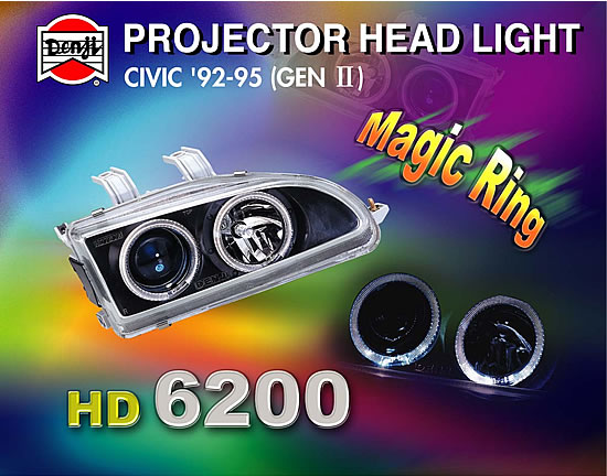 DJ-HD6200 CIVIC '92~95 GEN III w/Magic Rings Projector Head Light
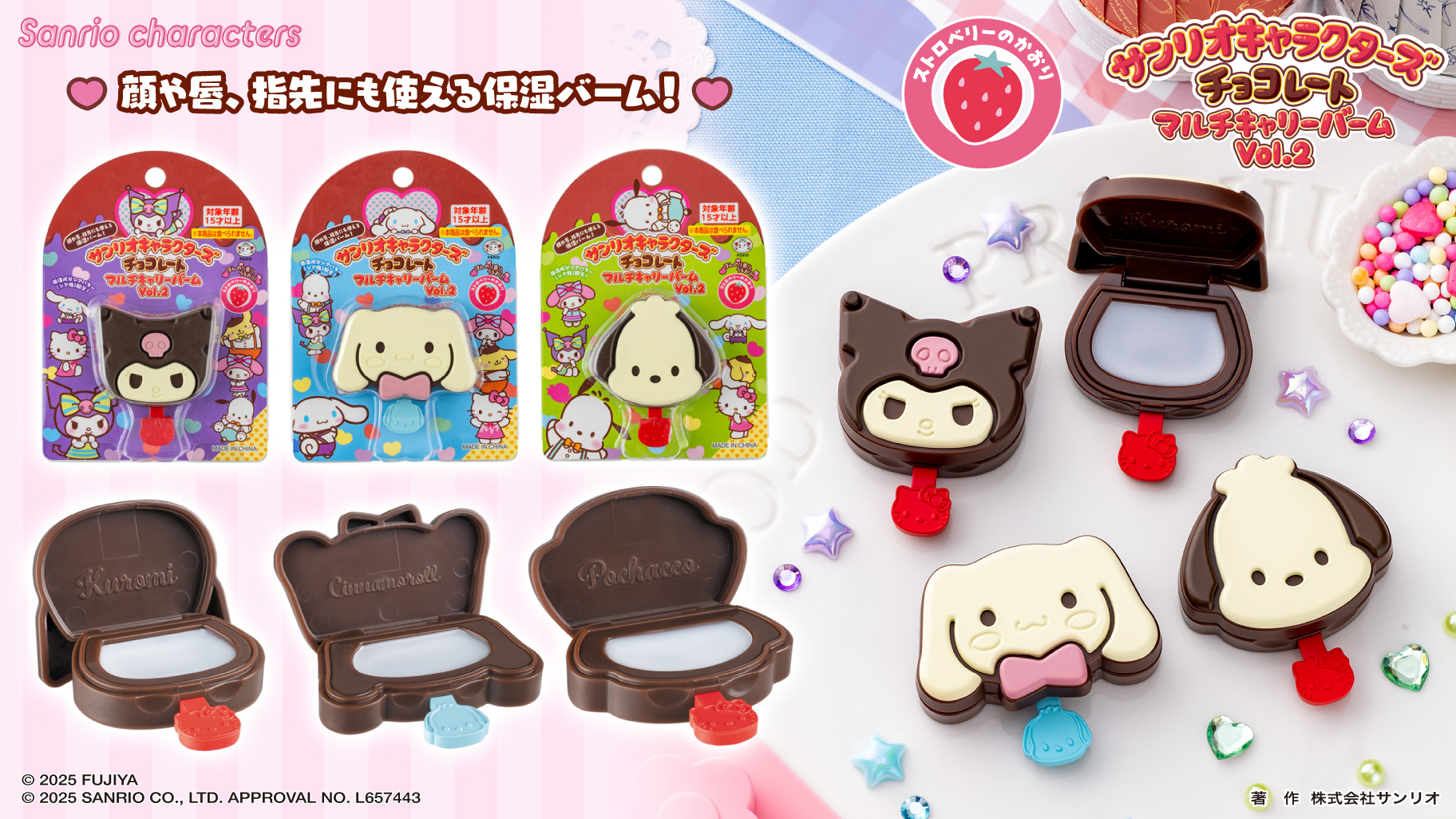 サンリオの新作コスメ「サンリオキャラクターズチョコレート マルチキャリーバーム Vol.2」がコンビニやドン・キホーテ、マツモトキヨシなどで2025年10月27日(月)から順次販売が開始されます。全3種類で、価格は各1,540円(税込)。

==

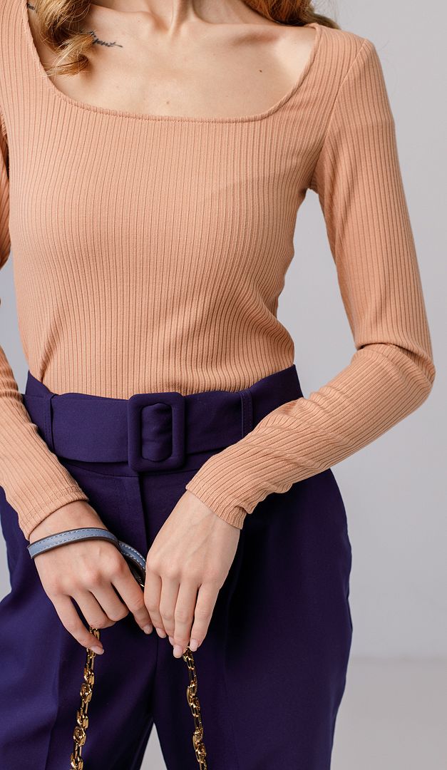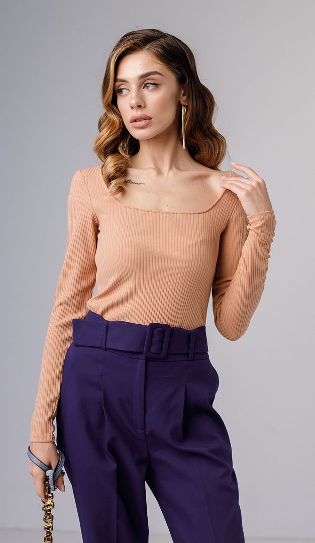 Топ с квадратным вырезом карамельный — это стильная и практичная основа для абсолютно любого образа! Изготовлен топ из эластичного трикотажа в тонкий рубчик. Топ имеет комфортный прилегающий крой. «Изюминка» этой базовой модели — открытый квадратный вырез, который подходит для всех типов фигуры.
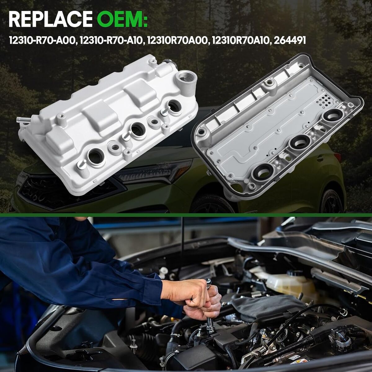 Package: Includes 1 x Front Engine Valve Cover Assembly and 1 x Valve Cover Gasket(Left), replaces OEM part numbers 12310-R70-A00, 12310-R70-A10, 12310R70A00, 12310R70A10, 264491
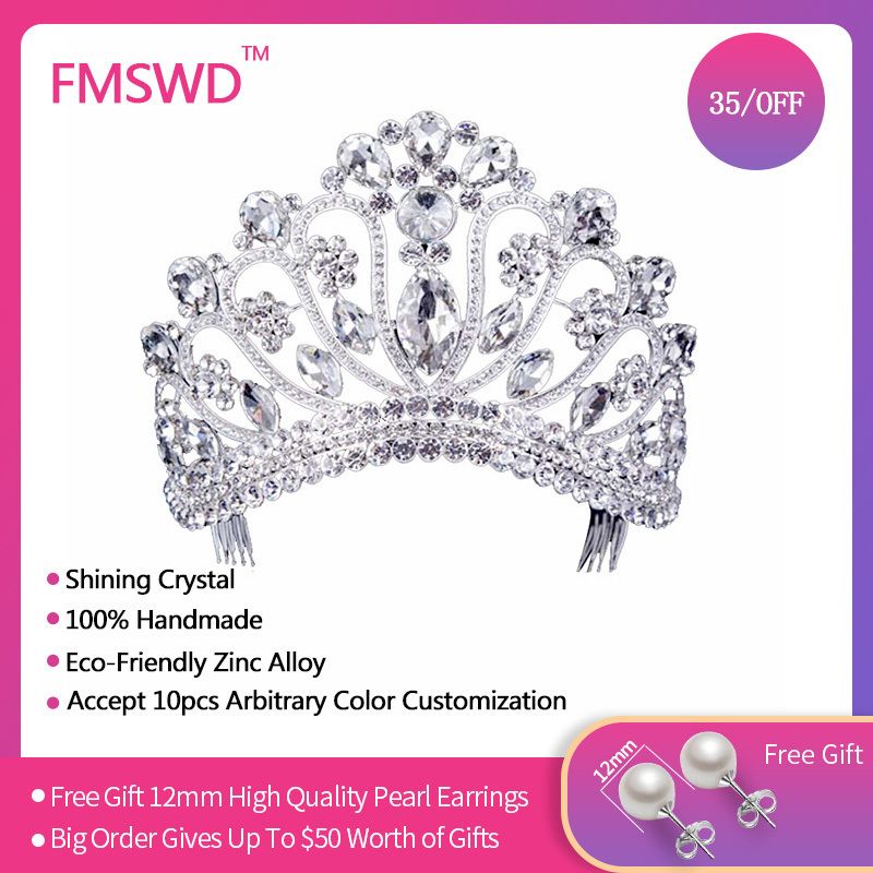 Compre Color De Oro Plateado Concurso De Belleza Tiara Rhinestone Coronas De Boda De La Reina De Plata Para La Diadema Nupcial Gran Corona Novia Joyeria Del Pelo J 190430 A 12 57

WORK ORDER: Only the lines of the listing above from the one with "Топ с квадратным" through the one with "Compre Color De" should be output, exactly, with both ends kept and pictures left out.

SOLVED EXERCISE:
 Топ с квадратным вырезом карамельный — это стильная и практичная основа для абсолютно любого образа! Изготовлен топ из эластичного трикотажа в тонкий рубчик. Топ имеет комфортный прилегающий крой. «Изюминка» этой базовой модели — открытый квадратный вырез, который подходит для всех типов фигуры.
 Package: Includes 1 x Front Engine Valve Cover Assembly and 1 x Valve Cover Gasket(Left), replaces OEM part numbers 12310-R70-A00, 12310-R70-A10, 12310R70A00, 12310R70A10, 264491
 Compre Color De Oro Plateado Concurso De Belleza Tiara Rhinestone Coronas De Boda De La Reina De Plata Para La Diadema Nupcial Gran Corona Novia Joyeria Del Pelo J 190430 A 12 57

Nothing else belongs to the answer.